|Daniel rocking a Peruvian alpaca sweater|
Something I’ve found hard as a mom is responding to other people’s expectations of what I should be doing. (Or what I think other people think I should be doing.) The most innocent question, like “what are you doing for Daniel’s first Easter?” can induce rage, defensiveness, derision. “Uh, he has no concept what Easter is, so nothing,” is what I want to say. I felt resentful about what everyone seemed to think I should do for his first Christmas, so you can imagine how I feel with his first birthday approaching.
I know moms who have formal pictures taken for every holiday – even St. Patrick’s and Valentine’s Day. I know moms who knitted stockings for baby’s first Christmas. I know moms who are planning elaborate first birthday parties. Because I have a tendency to compare myself to others, when I hear this I ask myself, why aren’t you doing that?
But recently a new thought occurred to me: maybe those moms do those things because they enjoy it, not because they’re caving to social pressure. I really enjoy dressing up. I’ve had people ask me, snottily, why I was wearing pearls on a Tuesday afternoon. The answer is, I just like to. It makes me happy. Similarly, I love to put my little man in cute outfits. I suspect very soon he’ll start having opinions about what he wears, so I’m taking advantage of this time to dress him the way I want to. Not to impress anyone. Not because formal wear is important for babies – just because it makes me smile.

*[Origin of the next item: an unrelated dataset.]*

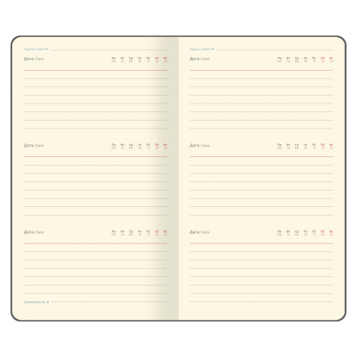Еженедельник недатированный Greenwich Line серии "Floret" поможет оставаться организованным и элегантным. Еженедельник размером 103*176 мм содержит 64 листа высококачественной белой бумаги повышенной плотности 80 г/м2 с пантонной печатью в 2 краски.

So here’s my thought for Mother’s Day: motherhood has plenty of drudgery. Let’s all make a pact to not make it harder for ourselves than it has to be. I’m going to do mom things that bring me joy, and leave the photo shoots, crafts and parties for the Martha Stewart types. Happier mom means happier Daniel. So it will be pizza and cake for his first birthday, with whoever can show up on a Tuesday night. Maybe I'll wear pearls.